KELOWNA, BC – Western Canada’s toughest racing Series on the dirt has always attracted unique drivers and personalities. When one of Canada’s top Monster Truck competitors took the wheel of a Northern Provincial Pipelines Late Model Series race car at the 2003 Oilmen’s Invitational weekend in Edmonton, it was anyone’s guess how he’d react. “I had never raced on an oval before,” recalls Marvin Anderson of his August 31st, 2003 debut, “I was a monster truck driver. I go over cars.”
Watching race cars pass each other was not a foreign concept to Anderson. He was a part-time crew member for three-time NPP Series Champion Trevor Emond during the 2003 and 2004 race seasons. Anderson indicates he really never had the urge to get behind the wheel of a stock car.
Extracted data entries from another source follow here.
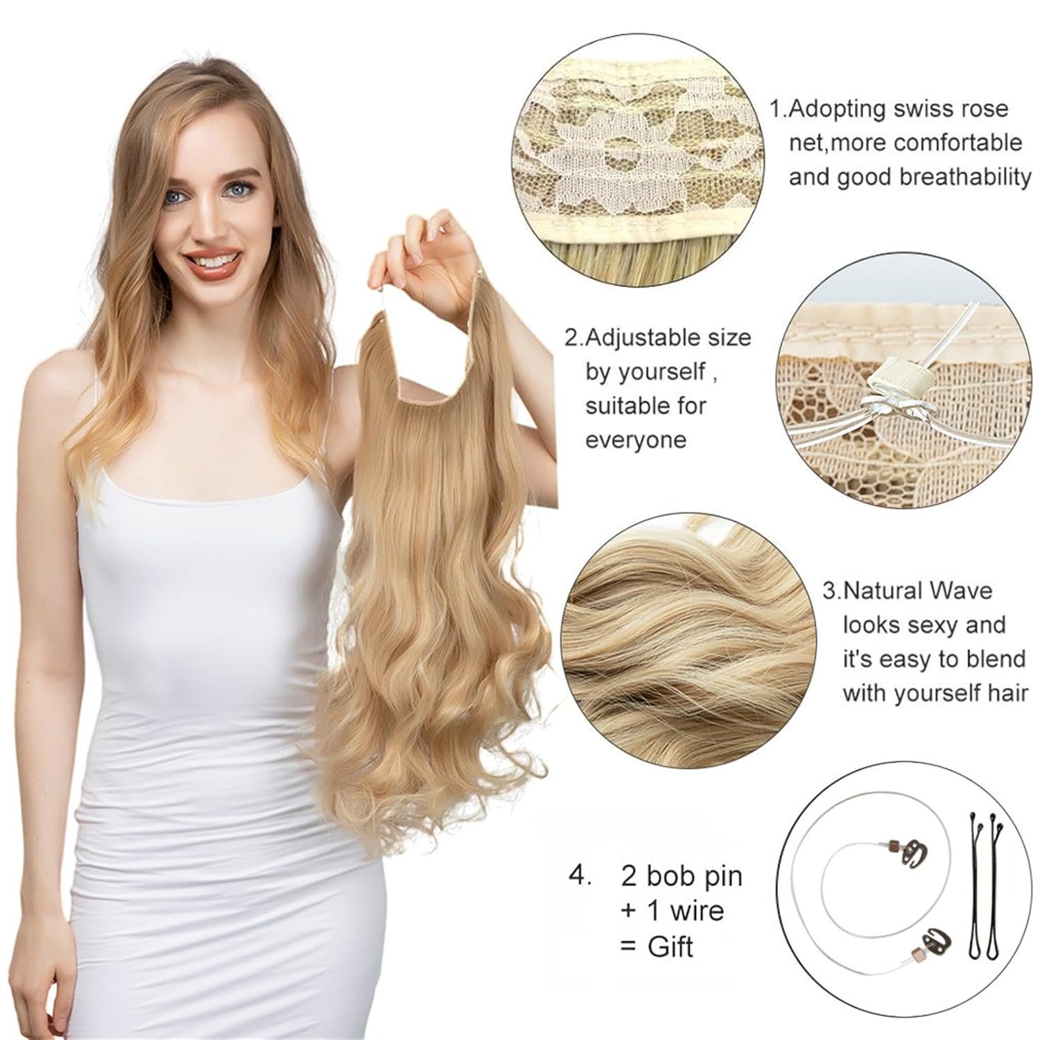 وصلات شعر سلكية غير مرئية، طول 18 بوصة، مجعدة ومموجة، قطع شعر سرية للنساء بدون مشبك، رقم 8، 22 بوصة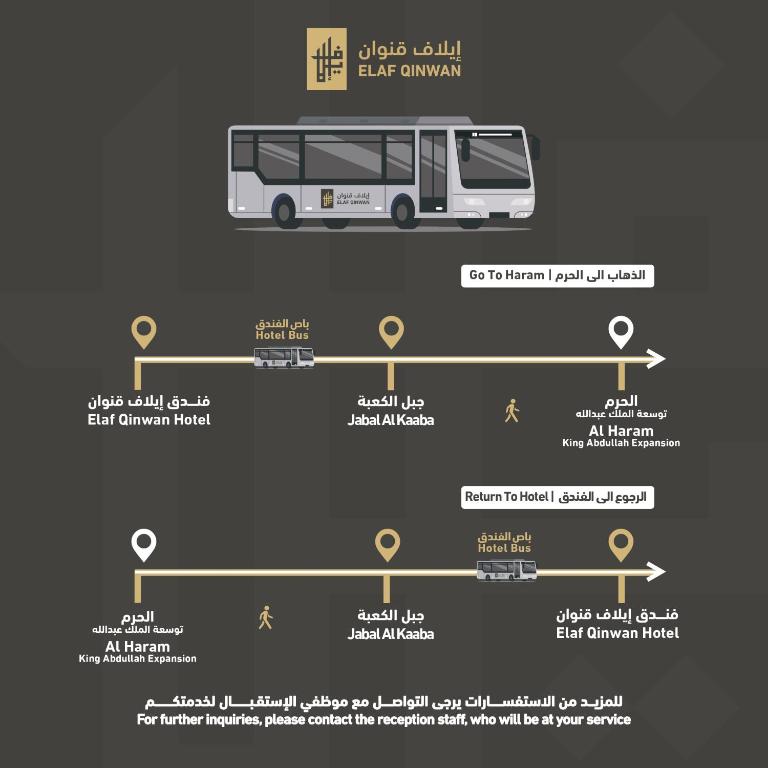 يقع فندق Elaf Qinwan Hotel في موقع مميز بمدينة مكة المكرمة على بُعد 4.5 كم من المسجد الحرام، ليمنح ضيوفه تجربة إقامة تجمع بين الراحة وسهولة الوصول إلى أهم المعالم المقدسة.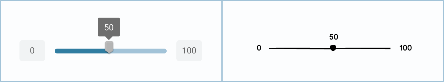Slider with ticks: A slider with ticks forces a snapping motion to the slider’s thumb. You can create your own by adding small vertical lines to the bar.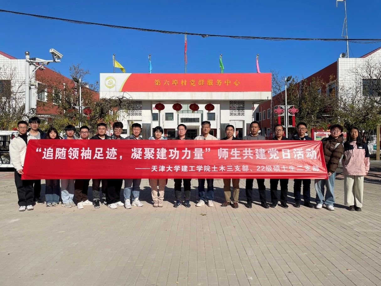 土木三支部联合2022级硕士生2班党支部,在2024年11月21日,走进天津市第六埠村,开展主题为“追随领袖足迹,凝聚建功力量”的主题党日活动。通过在第六埠村的实地参观和交流学习,师生党员深入学习了习近平总书记视察天津的重要讲话精神,深刻体会了第六埠村基层党员及群众团结一心众志成城的抗洪力量,真切思考了自身肩负的历史使命与时代复兴的伟大梦想。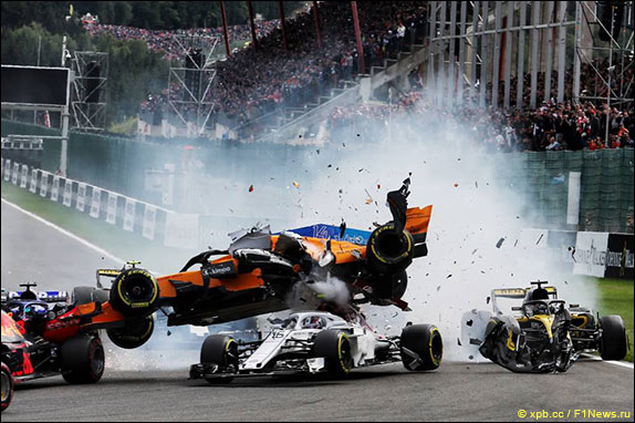 Впрочем, Спа есть Спа – результат квалификации здесь не играет определяющей роли. Уже на старте гонку возглавил Феттель, а пелотон значительно поредел – Хюлкенберг врезался в Алонсо, машина испанца подлетела в воздух и выбила с трассы Леклера, чиркнув по Halo. Все трое в итоге сошли. Кроме того, Райкконен врезался в Риккардо, а Боттас – в Сироткина.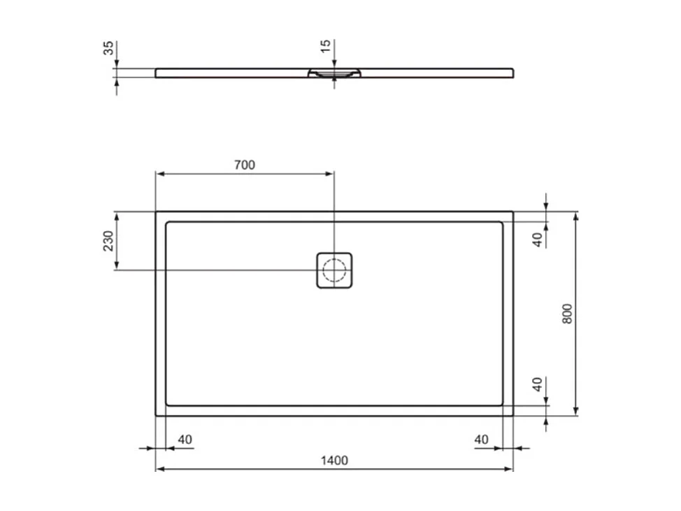 Receveur de douche antidérapant IDEAL STANDARD Ultra Flat Evo recoupable avec bonde longueur 140 x 80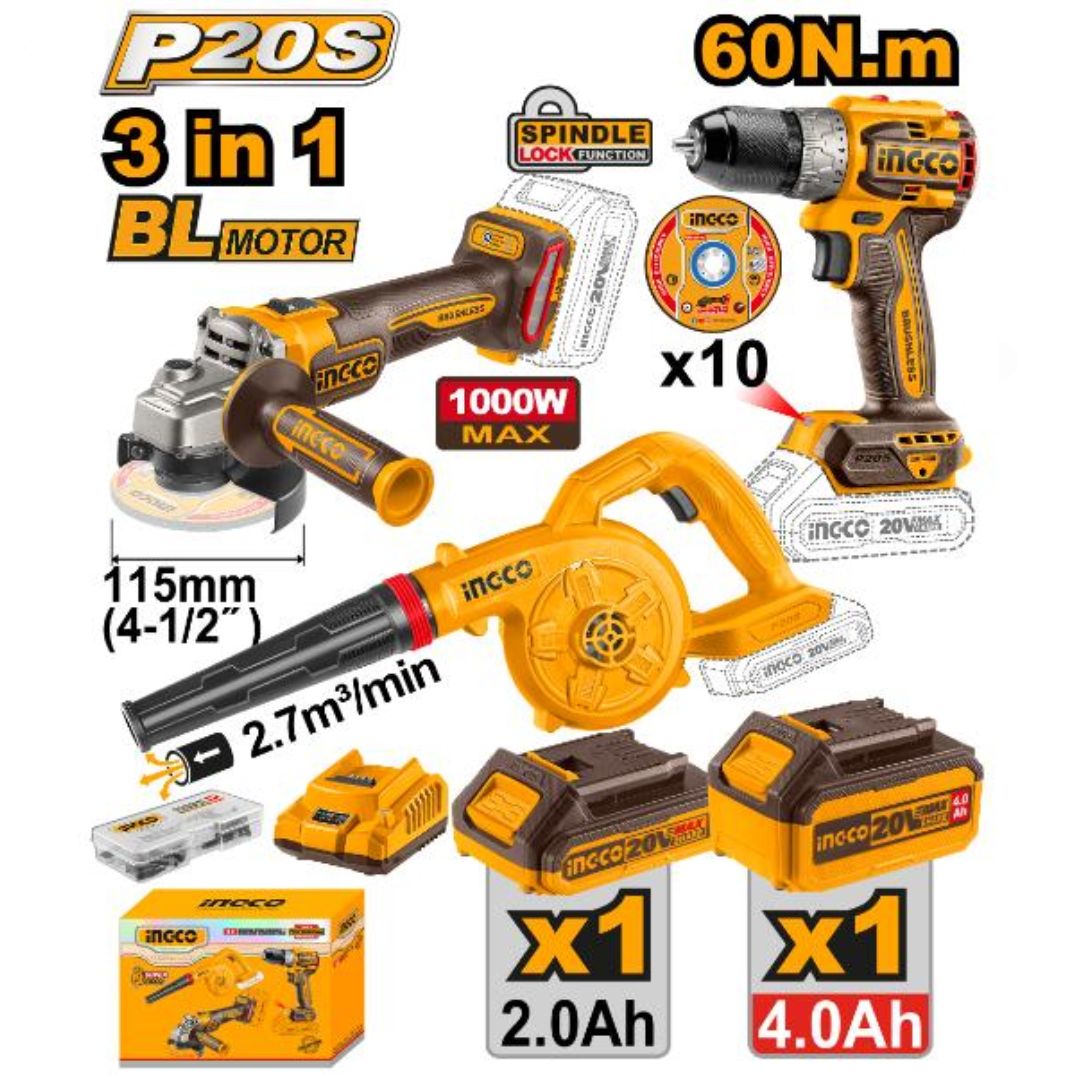 Le pack INGCO COSLI241192 est un ensemble sans fil 20 V idéal pour les bricoleurs et les professionnels recherchant polyvalence et performance. Il comprend trois outils brushless : une meuleuse angulaire de 115 mm, une perceuse/visseuse compacte et un souffleur, accompagnés de deux batteries, d’un chargeur et d’une sélection complète d’accessoires pour démarrer immédiatement vos travaux. Grâce à leur conception sans fil et à leurs moteurs brushless, ces outils offrent puissance, autonomie et durabilité, permettant de réaliser perçage, vissage, meulage, découpe ou nettoyage avec efficacité et confort. Ce kit complet est parfait pour l’atelier, le garage ou les petits chantiers.
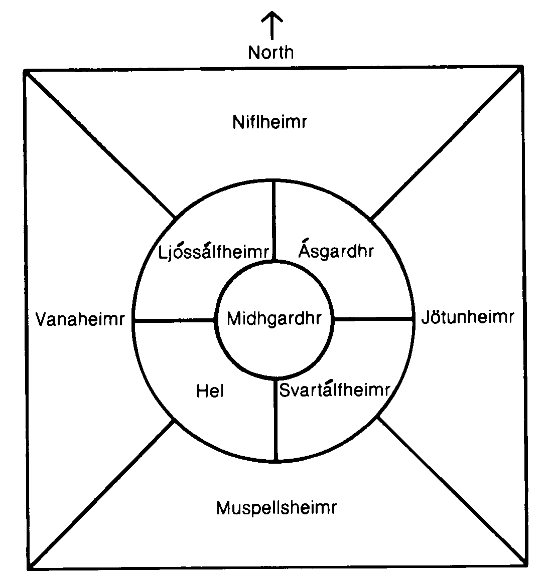 In reality, this figure represents the 'collapsing" of multidimensional space into a two- dimensional model-as do many sacred symbols of all kinds. The fields are names for the nine worlds of Yggdrasill and derive their meanings from these concepts as shown in the "Interpretations Table" on the next page.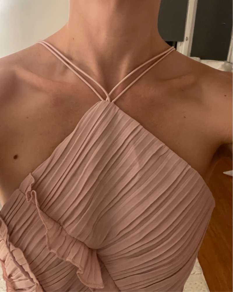 This dress is a beautiful pale pink with sculptural pleats that add visual movement and texture. Asymmetrical bottom (but dress is ankle length). Slit halfway up the left leg. Lightweight fabric, and very comfortable. Perfect for spring/summer weddings!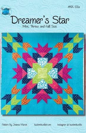 From Kustom Kwilts By Marsh, Joanna In Quilts The Dreamer’s Star Quilt Pattern features 3 different sizes included in the instructions. The simple, yet bold design allows you to build your sewing and quilting skills, while still providing a big impact. Try this pattern with complimentary solids, or play with scrappy variations. The possibilities are truly endless with this pattern. -8.5" x 5.5" booklet pattern includes a coloring page for each option and fabric amounts required for each size. -The finished size options include a mini quilt at 24" x 24", medium lap size at 64" x 64", and large at 80" x 80". -Skill level is beginner-intermediate. -Pattern includes a step-by-step tutorial for creating eight half-square triangle units at once. -Fabric requirements are listed included. Printed Paper Pattern Finished Size: Multiple Final Product: Quilt Paper Templates Included Technique Used: Standard Machine Sewing Skill Level: Confident Beginner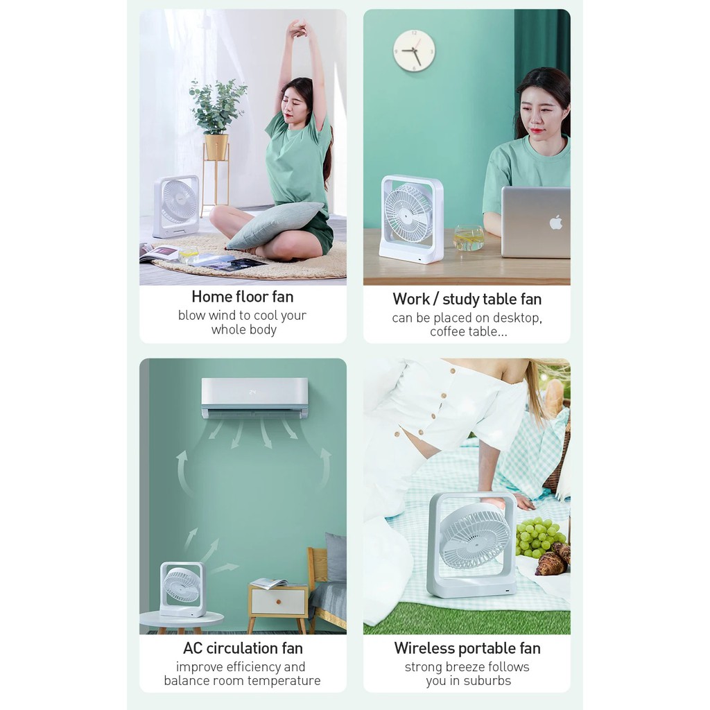 Điện Thoại & Phụ Kiện > Phụ kiện > Quạt USB & Quạt điện thoại || Quạt để bàn tích điện 5000mAh hỗ trợ nhiều chế độ gió chính hãng BaseusCòn hàng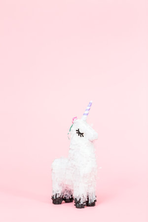 Small unicorn pinata for kids birthday party.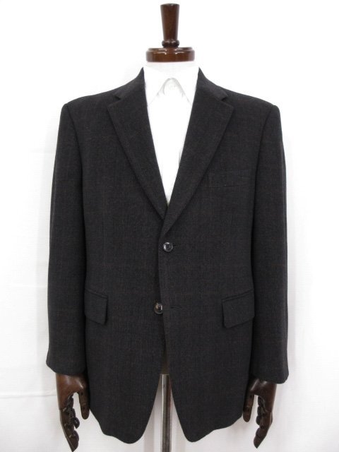極美品【ロイドクラブ Lloyd Club】カシミア100% シングル2ボタン 肉厚 織柄ジャケット (メンズ) size98BB4 茶×ブラック系 ◯17MJ9985◯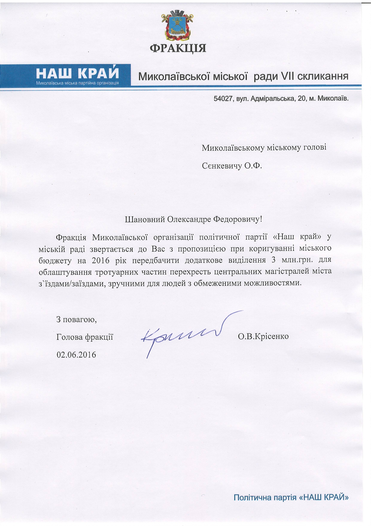 На заседании фракции партии «Наш край» Николаевского городского совета депутаты приняли решение обратиться к городскому голове города Николаева Александру Сенкевичу с предложением заняться в этом году улучшением инфраструктуры города и предусмотреть при корректировке городского бюджета на 2016 год дополнительное выделение средств для обустройства пандусов на пешеходных переходах города.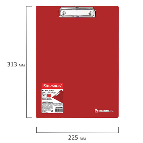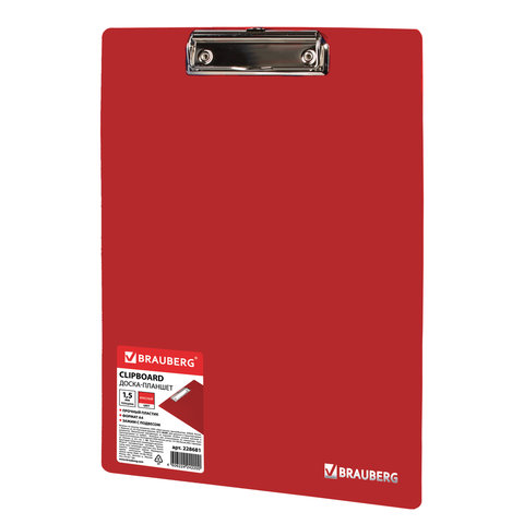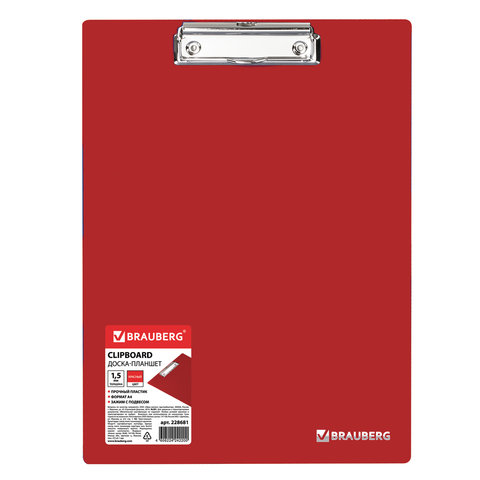 Доска-планшет BRAUBERG "Contract" с прижимом А4 (313х225 мм), пластик, 1,5 мм, КРАСНАЯ, 228681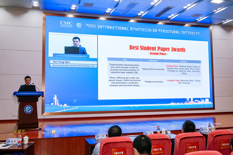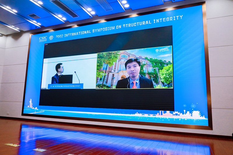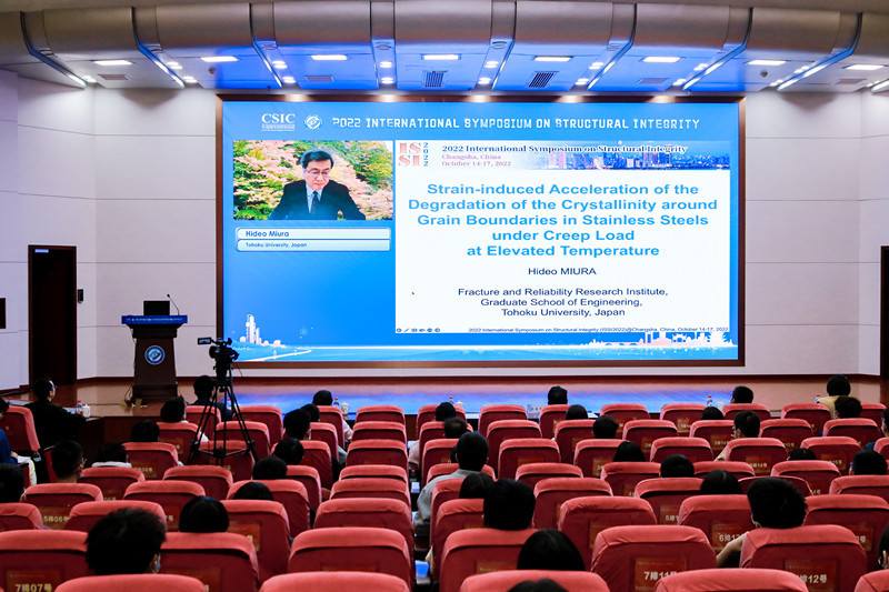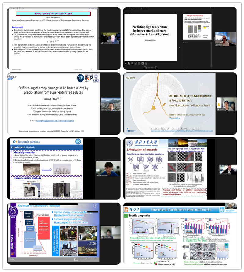ISSI2022邀请了来自中国、新加坡、日本、英国、加拿大等国的本领域14位著名专家学者在5个串行会场做特邀报告,包括中国工程院院士、浙江大学杨卫教授作题为“Solids in nano-scales - extreme strength and elasticity”的报告,美国国家科公司和国家工程院院士、新加坡南洋理工大学Huajian Gao教授作题为“Engineer metals with internal interfaces for enhanced mechanical performance”的报告,法国国家技术科公司院士、香港城市大学吕坚教授作题为“Multiscale mechanics and structural integrity of additive manufactured materials”的报告,中国工程院院士、中国石油大学(北京)张来斌教授作题为“Status and challenge of oil and gas storage tank detection technology”的报告,中国工程院院士、长沙理工大学郑健龙教授作题为“Design theory and method of new durable asphalt pavement”的报告,日本东北大学Hideo Miura教授作题为“Strain-induced acceleration of the degradation of the crystallinity around grain boundaries in stainless steels under creep load at elevated temperature”的报告,澳大利亚工程院院士、南方科技大学叶林教授作题为“Design and characterisation of mechanical meta-materials for impact mitigation”的报告,电网输变电设备防灾减灾国家重点实验室主任陆佳政教授作题为“Research and application of anti-icing technology for power grid”的报告,日本原子能机构Yinsheng Li教授作题为“Structural integrity assessment of important components in nuclear power plants”的报告,NDT&E主编、英国纽卡斯尔大学Guiyun Tian教授作题为“RFID sensors-based inspection and monitoring structural integrity”的报告,NDT&E International主编、英国布里斯托大学Bruce Drinkwater 教授作题为“Recent advances in ultrasonic array imaging and its implications for structural integrity assessment”的报告,加拿大工程院院士、阿尔伯塔大学Hongbo Zeng院士作题为“Probing reversible noncovalent molecular interactions toward developing multifunctional soft materials and surfaces”的报告,湖南大学史才军教授作题为“Design of ultra high performance concrete for resilient infrastructures”的报告,河北工业大学书记、原董事长韩旭教授作题为“Multi-source uncertainty quantification, propagation and optimization design for mechanical structures”的报告等。本次会议受到了国内外学者的广泛关注,大会报告直播在线点击量超过3万次。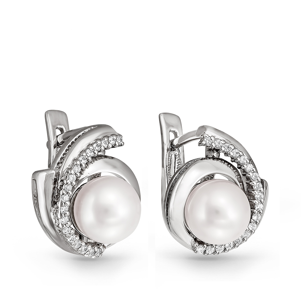 Серьги с английским замком из серебра с фианитами, жемчугами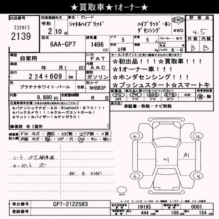 HONDA SHUTTLE HYBRID HONDA SENSING - лот 2139

“I remember it was a two-day show and I was crewing for Trevor on the #71 car. Rob Reeves was filling in for the regular driver of the #42 car [Bill Baudin]. Rob smacked the wall and bent up the car pretty good the first night.”
The car was patched up but would have no driver for the second night.
“With some persuasion, the next thing I know is that I went from being on Trevor’s crew to driving.” For his first-time behind the wheel of a NPP Late Model, Anderson exceeded many people’s expectations — including his own. “I was surprised at how sticky the dirt was in the race,” exclaims Anderson, “I didn’t know how the car was supposed to handle. I did ok. I think.”
Anderson finished 5th and 7th in his two heat races. He remembers heading out on the race track for the big Feature event.
“I started at the back of the pack [rookie driver]. Compared to the heats, I couldn’t believe how tough the Feature was both physically and mentally.”
Competing at Monster Trucks events at at venues all over North America, Anderson was used to handing out the hits. The role was reversed as he was on the receiving end on the oval track.
“There was a pretty good pileup in the Feature I remember that. The race was red flagged. Someone then smacked into the back of me. It was a pretty good hit. Got a flat out of the deal and had to pit.”
In the end Anderson escaped his oval debut with a 10th place finish in the Feature finishing ahead of several veteran racers including Dwight Kennedy and eventual 2003 Rookie of the Year Sheldon Ford.
Anderson currently is the manager of Western RV Country in Kelowna, British Columbia and is still involved in the Monster Truck scene.
“We have five trucks right now. Four of them are ride trucks and one of them is a race truck.”
Asked whether or not he’d like to have another shot at racing on the oval again.
“I haven’t been in a stock car since that one race (ten years ago). Sure I had fun. Sure, I’d do it again!”
Northern Provincial Pipelines Ltd, based in Edson, Alberta, is title sponsor of the NPP Late Model Series which brings big league racing to motorsports fans in Western Canada.